What should I output when defining an image-to-value dataset?

This is the first time I define my own dataset
I want to define a dataset, each entry of which is one image associated with a value.
When I define the dataset, should I define the self.samples as an array of:
one string containing the image disk path, and one floating value
or
the real image RGB value matrix and one floating value
?
When you call the dataset use the following syntax:

train_data=torchvision.datasets.MYDATA('../mydata', train=True, download=True,
                   transform=torchvision.transforms.Compose([
                       torchvision.transforms.Resize((h_image, w_image)),
                       torchvision.transforms.ToTensor()
                   ]))

or

train_data=MYDATA('../mydata', train=True, download=True,
                   transform=torchvision.transforms.Compose([
                       torchvision.transforms.Resize((h_image, w_image)),
                       torchvision.transforms.ToTensor()
                   ]))

What conditions do you need to meet to use the transforms utilities? like: rotate and flip?
Hope I described my question clearly.
Thanks.

I would recommend to stick to the first approach of storing the paths only and lazily load the samples in the __getitem__ method as it will save memory.
You would then have to initialize your dataset using its __init__ method so the second call looks more correct although you would have to make sure all arguments are really expected (e.g. the download argument might not be needed).

1 Like

Thanks.

So, you are suggesting the following?:
Define Data:

class MYDATA(Dataset):
    def __init__(self, root='folder_path', parm1, parm2, parm3, parm4, train=True, data_augmentation=False)
        super(MYDATA, self).__init__()
        if parm1:
            ...
        if parm2:
            ...
        if parm3:
            ...
        if parm4:
            ...
        if train:
            ...
        else:
            ...
        #after a bunch of no_matter_what operations
        self.samples = [(path, value), ...]

    def __len__():
        return len(self.samples)

    def __getitem__(self, idx):
        image = PIL.Image.open(self.samples[idx][0])
        imagearray = numpy.asarray(image)
        return (imagearray, sefl.samples[idx][1])

Get Data:

train_data=MYDATA('../mydata', train=True, parm1=parm1,
                   transform=torchvision.transforms.Compose([
                       torchvision.transforms.Resize((h_image, w_image)),
                       torchvision.transforms.ToTensor()
                   ]))

What I understood now is:
1, I can prepare my data in init() according to some conditions, for example: parm1, parm2, …

What don’t understand is:
1, When is the getitem() called, because it is never been called explicitly in the Get Data code
2, I never define any behavior of transforms in MYDATA class, can I still use the torchvision.transforms tools?
3, If I want to do data_augmentation, for example, add some rotated and flipped copy of the same image, and associated them with the same value, should I do it explicitly in the init()?
4, Can torchvision.transforms handle the data_augmentation operation for me? or it can only change (rotate, flip) and replace the original data entry instead of adding some new entries?
5, If I defined all things in MYDATA class init(), including data augmentation, and defined the converting image path to array in getitem(), do I still need to use those torchvision.transforms calls? What the torchvision.transforms.ToTensor() did exactly?

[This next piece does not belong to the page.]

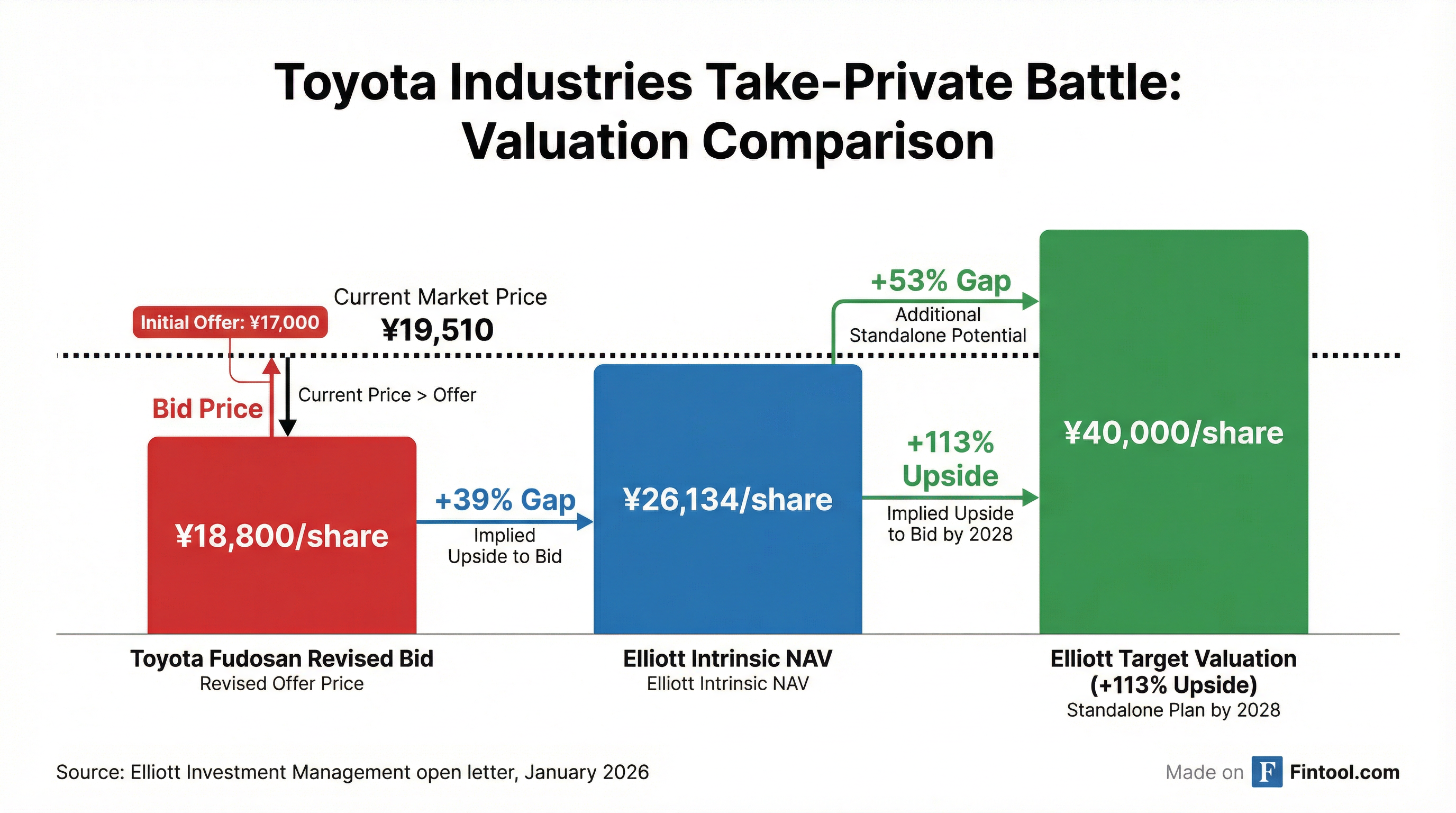 The revised ¥18,800 offer represents only a ¥200 increase from a price that Toyota Industries' own board previously said "deviated significantly from its expectations." Elliott notes this cosmetic bump came despite Toyota Motor's share price rising 7.5% on January 13, 2026—the day after the final revised offer was submitted—adding ¥1,005 per share to Toyota Industries' intrinsic value.

I think that is all questions I can think of right now. (It is alot, ^_^)

Thank you very much!

  1. The __getitem__ function is called then the Dataset is indexed either directly:
x, y = dataset[index]

or from the DataLoader by e.g. iterating it:

for data, target in loader:
    ...

Internally the DataLoader will use the sampler to create indices and index the internal Dataset with it.

  1. Yes, you should pass the transformations as an object to the Dataset.__init__ method and use it in the __gettitem__. Usually something like this is used:
def __init__(self, transform=None):
    self.data = ...
    self.transform = transform
    ...

def __getitem__(self, index):
    x = self.data[index]
    if self.transform:
        x = self.transform(x)
    ...
    return x, y
  1. This would be a valid approach, but usually data augmentation is done on-the-fly and a single sample is returned in the __getitem__ method.

  2. Yes, torchvision.transforms provide also transformations for rotation etc.

  3. Yes, you need to call the transformations in the __getitem__.

1 Like

Thanks! :grinning: :grinning: :grinning: :grinning: :grinning: :grinning: :grinning: :grinning:

If I want to use data.to(device) later to move the data into GPU, do I need to write anything in MYDATA class? Thanks.

No, the common approach is to move the data to the GPU in the DataLoader loop.